▶ **SOURCE DATA**
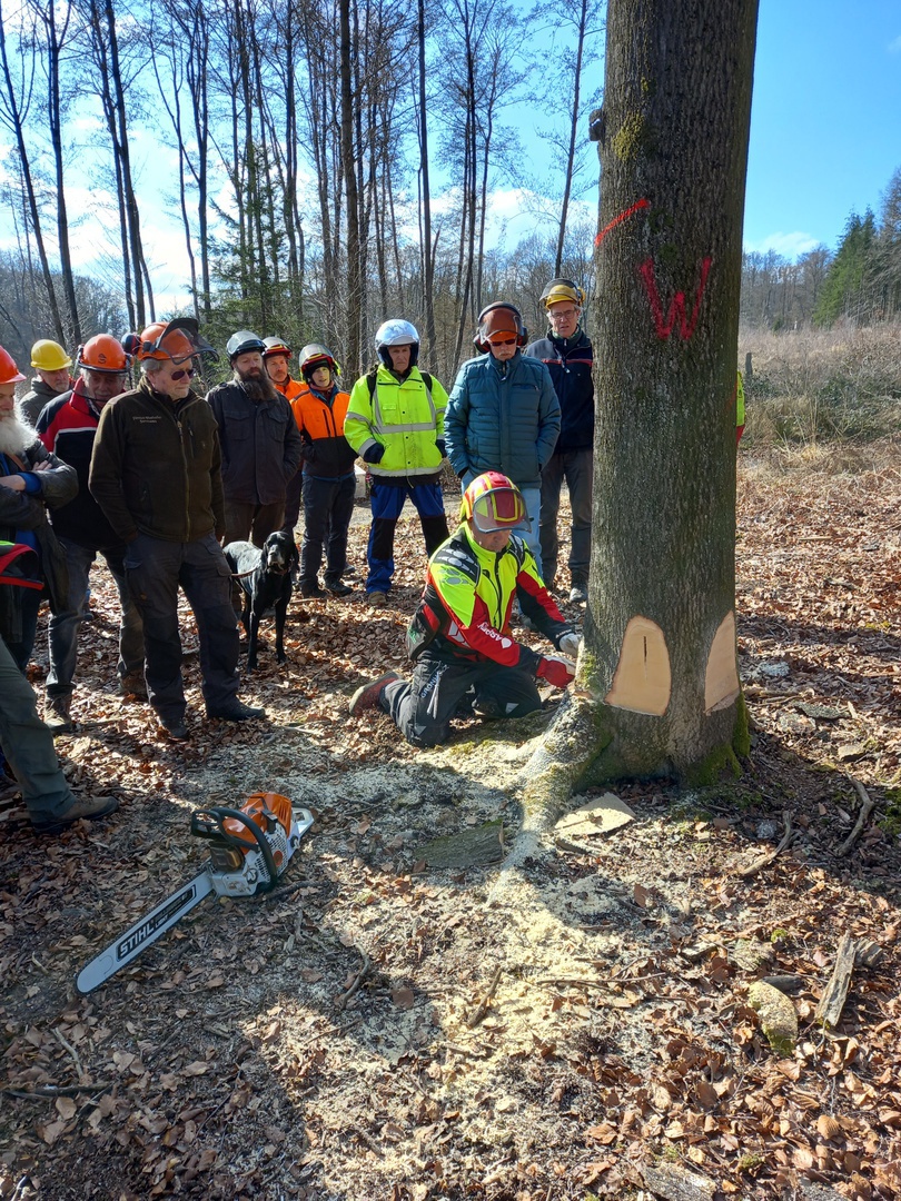 Nach der wohlverdienten Mittagspause ging es dann in den nahegelegenen Wald auf der „Linzer Höhe“ zum praktischen Teil. Hier wurden drei Buchen von unterschiedlicher Stärke und Schadbild gefällt. Die erste Buche mit einem Durchmesser von rd. 50 cm wurde mit Unterstützung einer Seilwinde zu Fall gebracht. Hierbei wurde auch demonstriert, wie das Seil in einer Höhe von ca. 5 m mit der „Königsbronner Anschlagtechnik“ befestigt wurde. Bei größeren Höhen bis ca. 15 m kommt eine Wurfbeutelschleuder (DST) zum Einsatz. Zum Abschätzen der aufzuwendenden Zugkraft in unterschiedlichen Anschlagshöhen hat sich in der Praxis die „Calmbacher Tabelle“ bewährt. Nachdem der Baum problemlos gefällt war, staunten alle über das „Schnitt- und Stockbild“: selbst der Referent gab an, so etwas in seiner über 30jähren Praxis noch nicht erlebt zu haben. Ohne Einsatz der Seilwinde wäre es hier zu Problemen gekommen. Bei der zweiten Buche -kleiner im Durchmesser aber problematischer im Wuchs- wurden einfache Keile zur Hilfe genommen und bei der dritten Buche kam ein sog. „Spindelkeil“ zum Einsatz. Auch diese Fällung war nicht zuletzt aufgrund der ungünstigen Windverhältnisse schwierig. Fazit: Alle Teilnehmer und auch der Referent waren mit dem Lehrgang sehr zufrieden und der Dank von Uwe Werner an Konrad Scholzen wurde mit großem Beifall begleitet. Ebenfalls ging ein Dank an Förster Dieter Steinebach für die Vorbereitung und an den Forstbetrieb Joser Lorscheid aus St. Katharinen für die Bereitstellung des Übungsbestandes und den Maschineneinsatz. Abschließend wurde allen Teilnehmern eine Lehrgangs-Bescheinigung vom Geschäftsführer des KWBV Martin Werner übergeben.
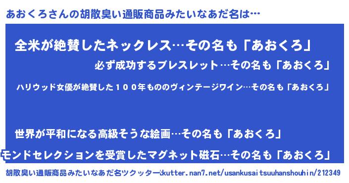 | 男性向けラノベタイトル風あだ名 | 『アオクロスレイヤー』『緋弾のアオクロ』 |
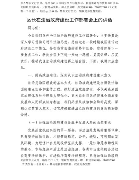【七哥公文】2025年:【七哥公文】区长在法治政府建设工作部署会上的讲话+更多免费公文+VX:QiGeGongWen2024+更多免费公文+VX:QiGeGongWen2024
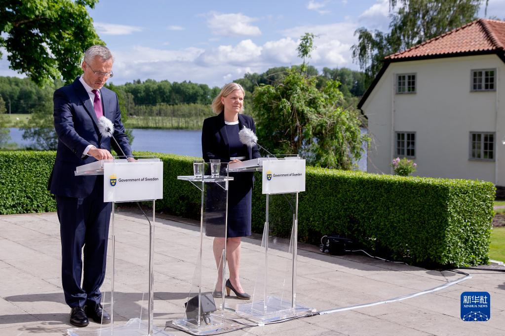 6月13日,瑞典首相安德松(右)與到訪的北約秘書(shū)長(zhǎng)斯托爾滕貝格在瑞典首都斯德哥爾摩以西約120公里的哈普松德首相夏季莊園出席新聞發(fā)布會(huì)。
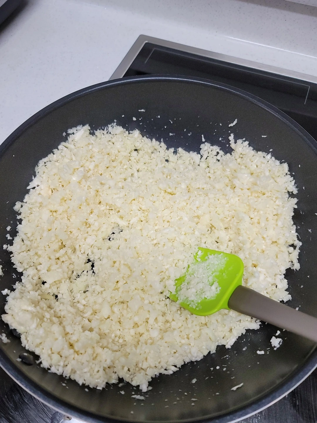 1. 아주 센 불에 기름 붓고 컬리플라워 잘게 다진 것 넣고 수분 다 날려주기
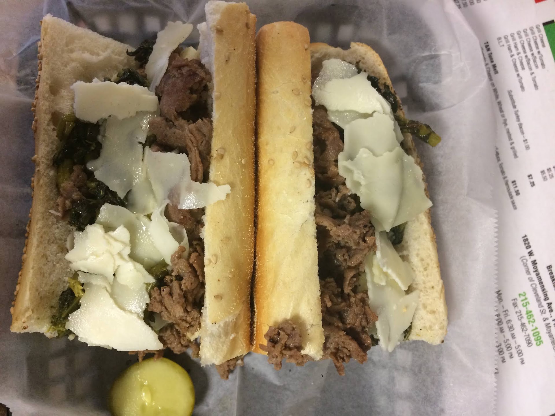 Oh my goodness what a cool little old school neighborhood greasy spoon complete with owner (I think it was the owner) telling corny jokes. Apparently this is the home base of the âJeetâ food truck. I was in South Philly so I got the cheese steak Italian, seeded roll, broccoli rabe and sharp provolone. According to my daughter, Karly I'm the only person in the world that didn't know sharp provolone had such a distinctive taste. I am still not sure if I'm a broccoli rabe fan but this broccoli rabe had a lot of flavor. Sorry but I could only give this cheesesteak a score of 89. It was full of flavor and I now completely understand how people can be happy sitting around eating a seeded roll and provolone cheese but it was $11 and it just needs to be bigger and the meat has to improve. Does broccoli rabe always have the more stalk than leafing parts? Very good overall experience and I wouldn't hesitate to go back...
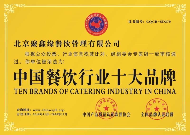 北京聚鑫緣餐飲管理有限公司是由目前餐飲界領軍人物,全國飯店業高級評委、國家級技能競賽裁判員、高級營養配餐師、2005年第三屆國際食神爭霸賽個人金獎、銀獎得主、中國烹飪大師,張寶田先生創辦,注冊資金:3888萬元,北京市政府采購定點服務單位,公司成立以來相關業務已覆蓋全國部分城市。本公司是國家有關部委批準建立的以管理與經營各企事業、大中專院校餐廳、機關、食堂承包托管、酒店酒樓人才勞務輸出、前期策劃籌建、餐飲管理咨詢、廚房設備規(guī)劃安裝、糧油及原材料配送等綜合性后勤服務機構。
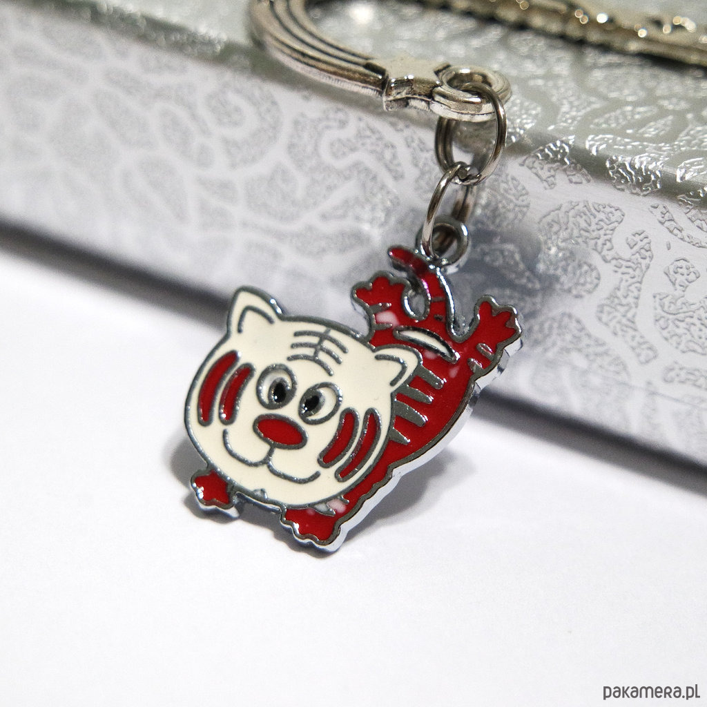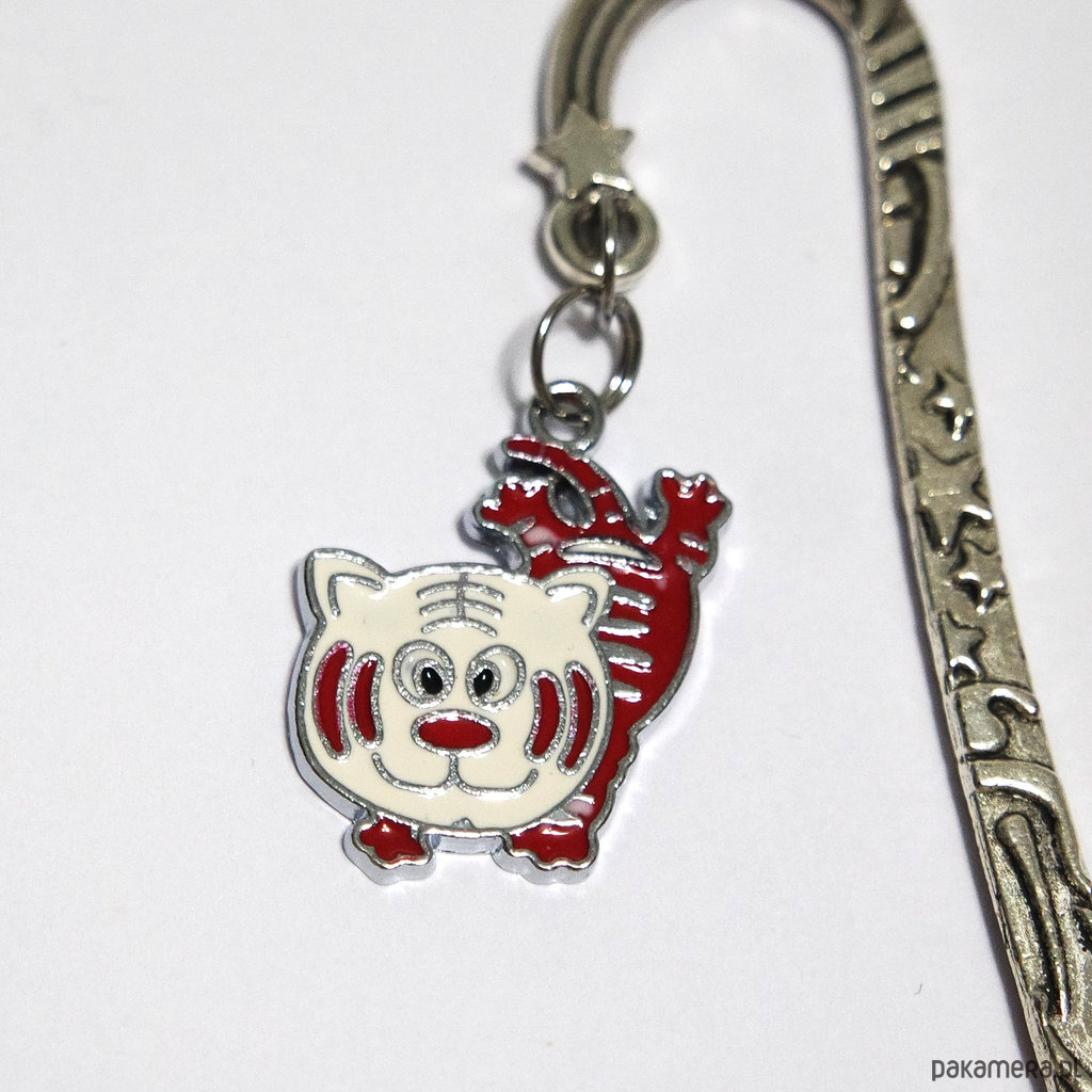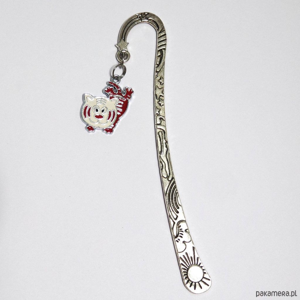 Niezwykła i praktyczna zakładka do książki z emaliowaną zawieszką w kształcie tygryska.
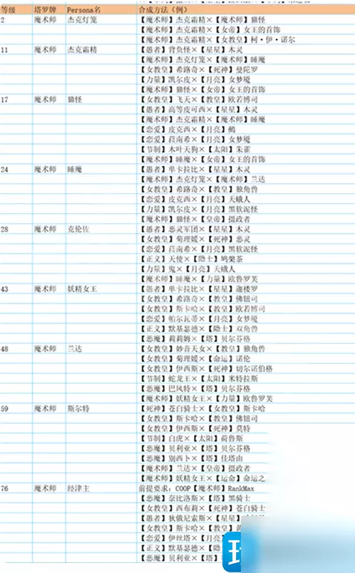 魔术师 杰克灯笼 ·魔术师Lv11・杰克霜精×魔术师Lv5・猫妖精 ·魔术师Lv5・猫妖精×女帝Lv15・王后的项链(宝魔) 猫妖精 ·死神Lv3・曼陀罗×女教皇Lv6・希路奇 ·恋愛Lv2・皮克希×月亮Lv7・女梦魔 杰克霜精 ·力量Lv6・凯尔皮×月亮Lv7・女梦魔 ·女教皇Lv6・希路奇×法王Lv9・比利士 ·死神Lv3・曼陀罗×女教皇Lv11・飞天 ·正義Lv9・天使×隠者Lv9・克鲁波克鲁 ·愚者Lv8・背负怪×星Lv11・木灵 猫妖 ·正義Lv9・天使×隠者Lv13・一本踏鞞 ·星Lv11・木灵×愚者Lv16・高等皮克希 ·女教皇Lv11・飞天×法王Lv17・欧若博司 睡魔 ·月亮Lv18・黑软泥怪×恋愛Lv19・菈南希 ·太阳Lv16・朱雀×節制Lv22・持国天 ·愚者v16・高等皮克希×星v23・风鬼 克伦佐 ·力量Lv24・罗刹×月亮Lv26・水鬼 ·法王Lv25・安祖×女教皇Lv26・伊西丝 ·女教皇Lv26・伊西丝×命运Lv27・可罗索 妖精女王 ·正義Lv29・权天使×隠者Lv31・鞍马天狗 ·死神Lv28・毕舍遮×顾问官Lv32・单卡拉比 ·力量Lv31・增长天×月亮Lv33・天蛾人 ·恶魔Lv32・莉莉姆×塔Lv37・贝尔芬格 兰达 ·塔Lv41・红骑士×恶魔Lv45・帕祖祖 ·月亮Lv43・基力梅卡拉×力量Lv44・女武神 ·太阳Lv43・虹蛇×節制Lv45・白虎 ·月亮Lv43・基力梅卡拉×恋愛Lv48・纳西瑟斯 佛钮司 ·愚者Lv49・巴古斯×星Lv52・迦楼罗 ·女教皇Lv50・妙音天女×法王Lv52・御社宫司神 ·女教皇Lv50・妙音天女×命运Lv52・诺伦 ·太阳Lv53・象头神×節制Lv55・那伽之王 斯尔特 ·女帝Lv63・迦梨×信念Lv65・大元帅明王 ·恶魔Lv58・巴风特×塔Lv73・魔罗 ·力量Lv63・哈奴曼×月亮Lv70・拜亚基 ·愚者Lv67・邪恶霜精×星Lv68・婆苏吉 经津主 ·女教皇Lv83・西布莉×死神Lv83・爱丽丝 ·正義Lv81・尤利尔×隠者Lv86・法夫纳 ·愚者Lv83・毗湿奴×星Lv84・哈斯塔 ·信念Lv84・齐格菲×女帝Lv85・巴比伦大银妇
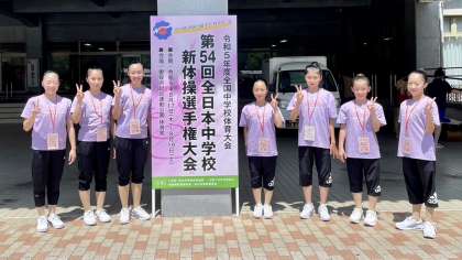全中・新体操部・その7 公開日 2023/08/19 更新日 2023/08/19 部活動 8月19日(土) 11:25 新体操部は、本番の演技を披露しました。(本番は撮影できません。) 全国の大舞台でチームベストスコアを出せました。 3年生は笑顔で演技を終えることができました。 演技終了後のやり切ったメンバーの写真です。 みんなの笑顔が、全てを物語ってくれている気がします。 今までたくさんの応援、声援、本当にありがとうございました!

▶ **WORK ORDER**
Only one stretch of the data is wanted: write out exactly the lines from the one holding "6月13日,瑞典首相安德松(右)與到訪的" through the one holding "1. 아주 센 불에 기름 붓고 컬리플라워 잘게 다진 것 넣고 수분 다 날려주기", both included, without the pictures.

▶ **EXERCISE RESPONSE**
 6月13日,瑞典首相安德松(右)與到訪的北約秘書(shū)長(zhǎng)斯托爾滕貝格在瑞典首都斯德哥爾摩以西約120公里的哈普松德首相夏季莊園出席新聞發(fā)布會(huì)。
 1. 아주 센 불에 기름 붓고 컬리플라워 잘게 다진 것 넣고 수분 다 날려주기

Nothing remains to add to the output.